Legalize narcotics. Problems immediately move toward solutions.
“More than anything else, the escape undermined Mexico’s assertion it can deal with top drug lords at home and doesn’t need to extradite them to the U.S.” Like the US is so much better at keeping its inmates locked up. Wasn’t it just days ago that 2 escaped from prison using a similarly sophisticated route? Guzman would get out of any US prison as would anyone else with the money and power Guzman has.
About the Union Tribune…
I must say I was encouraged to see an editorial headlined “Housing, Poverty and Social Justice” last Sunday’s (7/12/15) paper that suggested we need to do MORE to address affordable housing.

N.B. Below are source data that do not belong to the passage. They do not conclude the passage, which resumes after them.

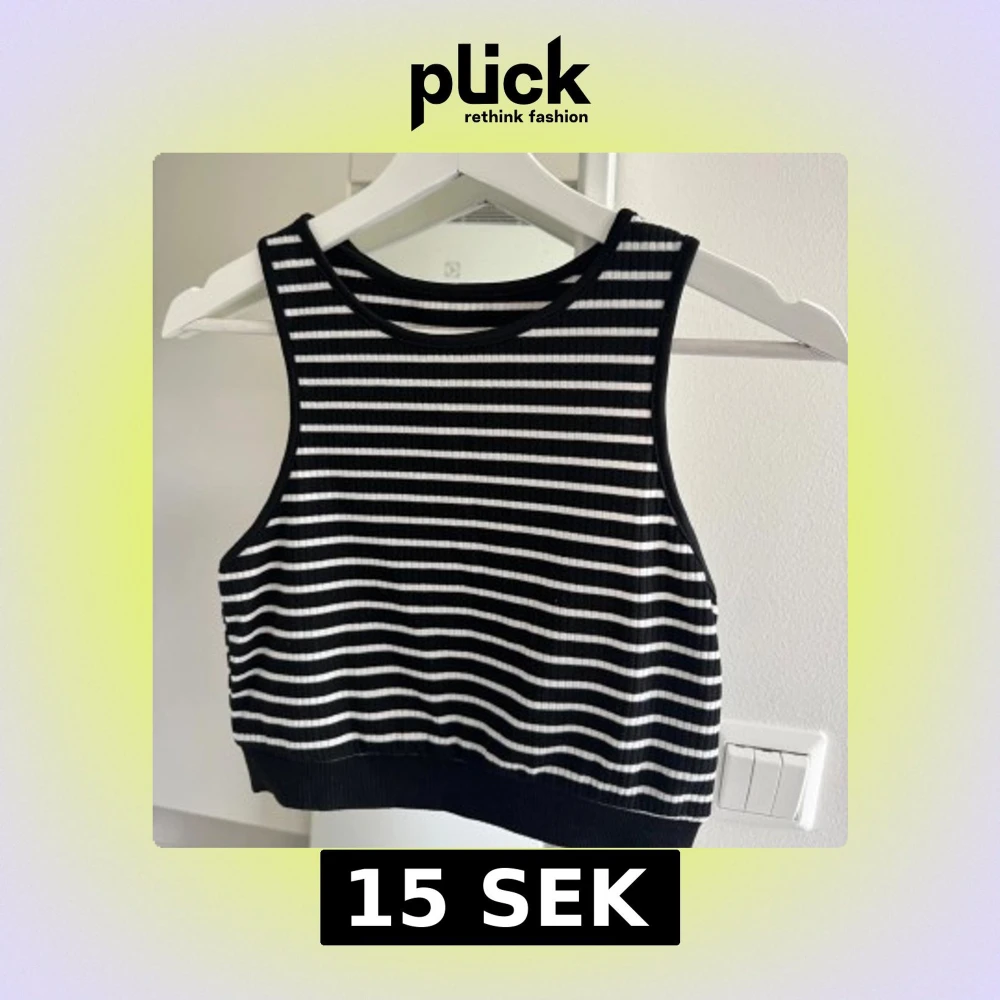 Säljer en croppad linnetopp med svarta och vita horisontella ränder. Toppen är ribbad och ärmlös med rund halsringning 🌸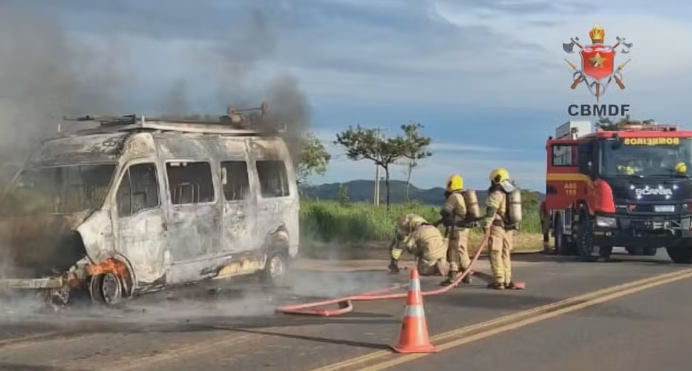 Na manhã desta terça-feira (13), o Corpo de Bombeiros do Distrito Federal (CBMDF) foi acionado para combater um incêndio em uma van na DF-130. O incidente ocorreu no sentido Café Sem Troco, na região de Planaltina, e causou a interdição temporária de um trecho da rodovia.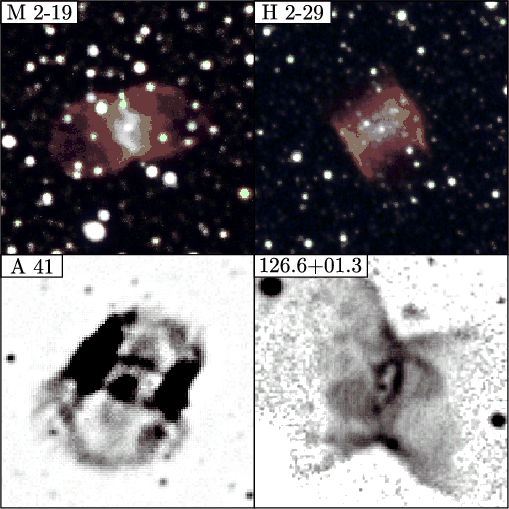 Even without kinematic information there is still room for qualitative classification within the framework of geometric bipolar models for post-CE PNe. Pollacco & Bell (1997) constructed such a model and made favourable comparisons with A 41, A 46, A 63 and A 65 suggesting they are bipolar nebulae. Similarly, De Marco (2009) considered inclination effects without the assistance of models to estimate as much as 70% of post-CE PNe could indeed be bipolar. This estimate is however disputable in that it was heavily biased by a small sample and in some cases the highest quality images available in the literature were not used (e.g. A 65, see later). A detailed reappraisal of a large sample of post-CE PNe is therefore required to substantiate the suspected high bipolar fractions from recent observations and to compare them with current theoretical expectations.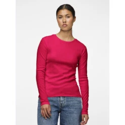 Langærmet bluse fra Pieces med striber i slim fit. Trøjen er lækker blød og tætsiddende, men med masser af stretch.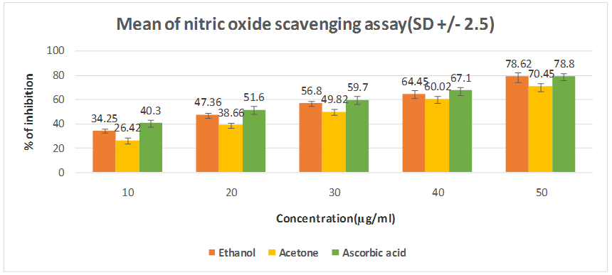 Nitric oxide scavenging activity was measured spectro-photometrically [13]. The ethanol and acetone extracts were added to different test-tubes in varying concentrations (10-40 μg/ml). Sodium nitroprusside (5 mM) in phosphate buffer was added to each test tube to make volumes up to 1.5 ml. Solutions were incubated at 25 °C for 30 min. Thereafter, 1.5 ml of Griess reagent (1% Sulphanilamide, 0.1% Naphthyl ethylenediamine dichloride, and 3% Phosphoric acid) was added to each test tube. The absorbance was measured immediately at 546 nm and the percentage of scavenging activity was measured with reference to ascorbic acid.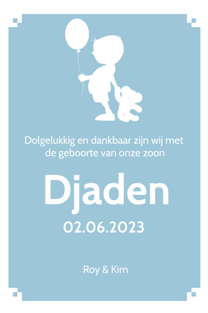 Het jongetje met zijn ballonnetje en teddybeer staat lief op dit simpele geboortekaartje. Pas de kleur van het kaartje zelf aan. (999999)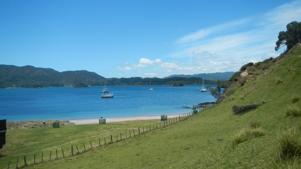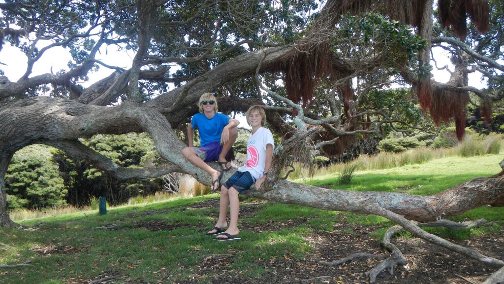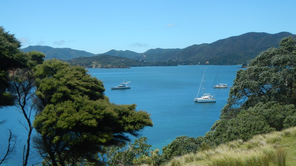 We decided not to go back to Opua yesterday, because Jack met a local spearfisherman online and he’s invited the two of them out to Cape Brett today. So, they’ll be leaving in about a half hour. We are probably going to move to a bay around the corner for more East protection this afternoon because a low is approaching and winds are supposed to howl out of the east for a couple days. Yes, there is not only online dating but online spearfishing. And some of you might remember it was from the Lagoon owners chat room that Tim found Exodus, not even for sale. The internet is good, but we don’t have it here in this anchorage. Hopefully we can pick up a tower when we move this afternoon, because tomorrow is an important day (day after tomorrow for those of you on the other side of the dateline) and I will need to do some face-timing.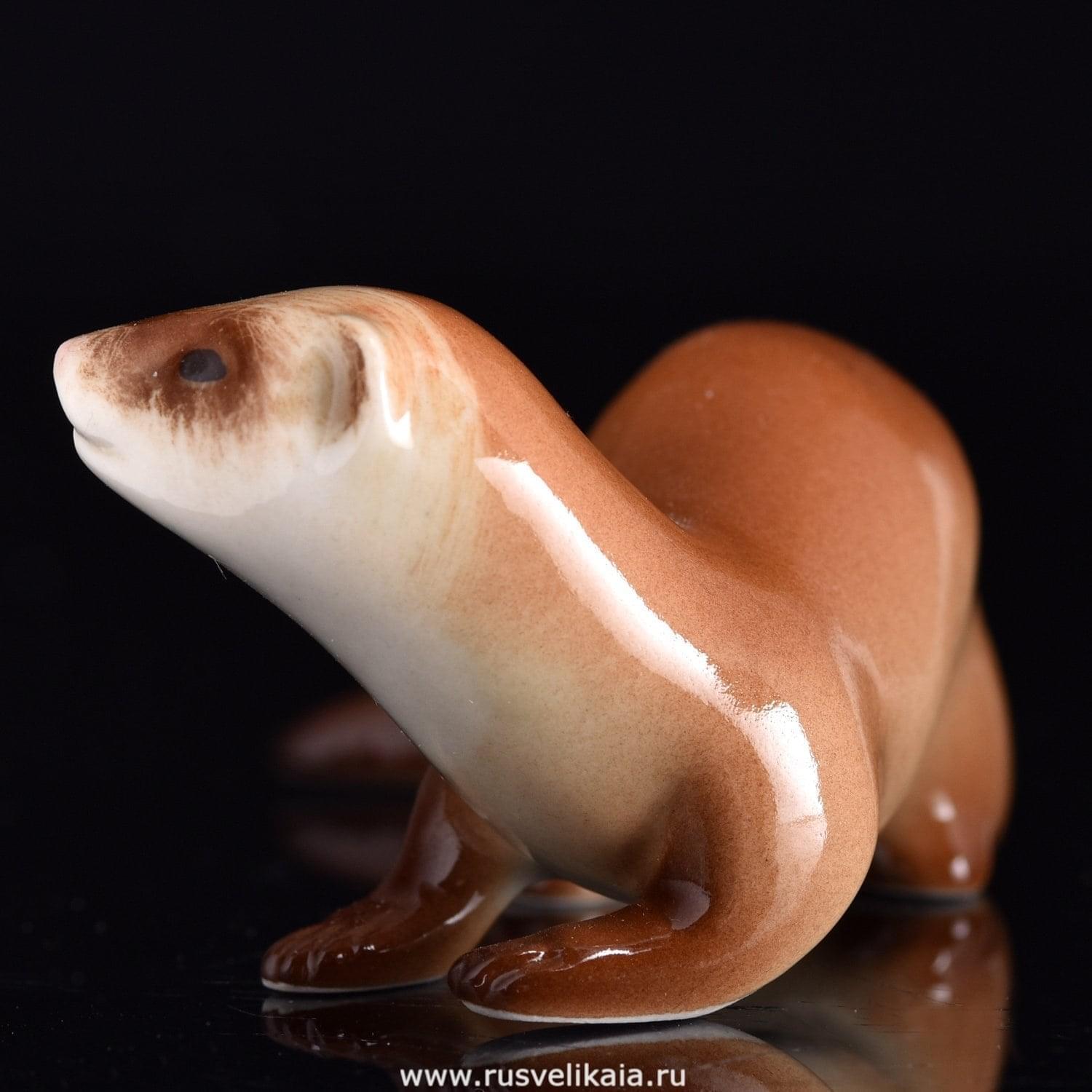В галерее работ мастеров с легендарного Императорского фарфорового завода - старейшего профильного предприятия России - особое место отведено анималистическому собранию. Анималистическая галерея предприятия, без сомнения, одна из самых ярких и необычных. Она включает в себя фигурки и скульптуру различных животных и птиц. Новинка коллекции фигурка хорька. Фигурка отличается высокой детализацией и необычной подачей. Роспись выполнена вручную в надглазурной и подглазурной техниках.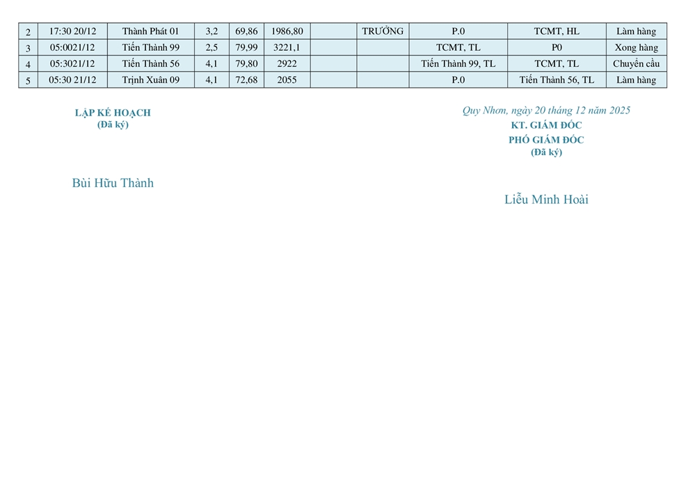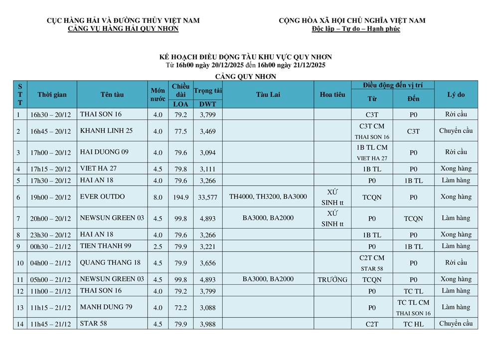 KẾ HOẠCH ĐIỀU ĐỘNG TÀU NGÀY 20/12/2025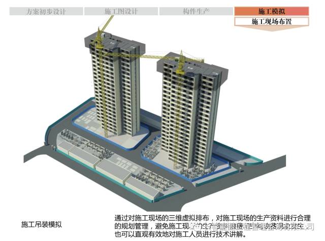 BIM信息化技术的深入应用,需要设计、生产、施工各部门进行密切交流施工模拟需要施工部门根据实际需要进行施工组织预演。

We’ll see if the editorial has teeth when the paper is asked to support additional subsidies for those who do not earn enough to rent an apartment here and cannot survive the 7-10 year waiting list to get “emergency” support from Section 8. PLUS, we need to know if the paper will support a gigantic infrastructure bond to enable our older communities to accept increased density and their fair share of new, affordable housing units. PLUS, we need the paper to help cut the time out of the processing and permitting processes identified by PLNU’s Dr. Lynn Reaser and the BIA’s Housing You Matters Coalition that promise to reduce housing costs by 40%.
BUT, we need many more voices than that of the Union Tribune to finally put an end to our longstanding affordable housing state of emergency.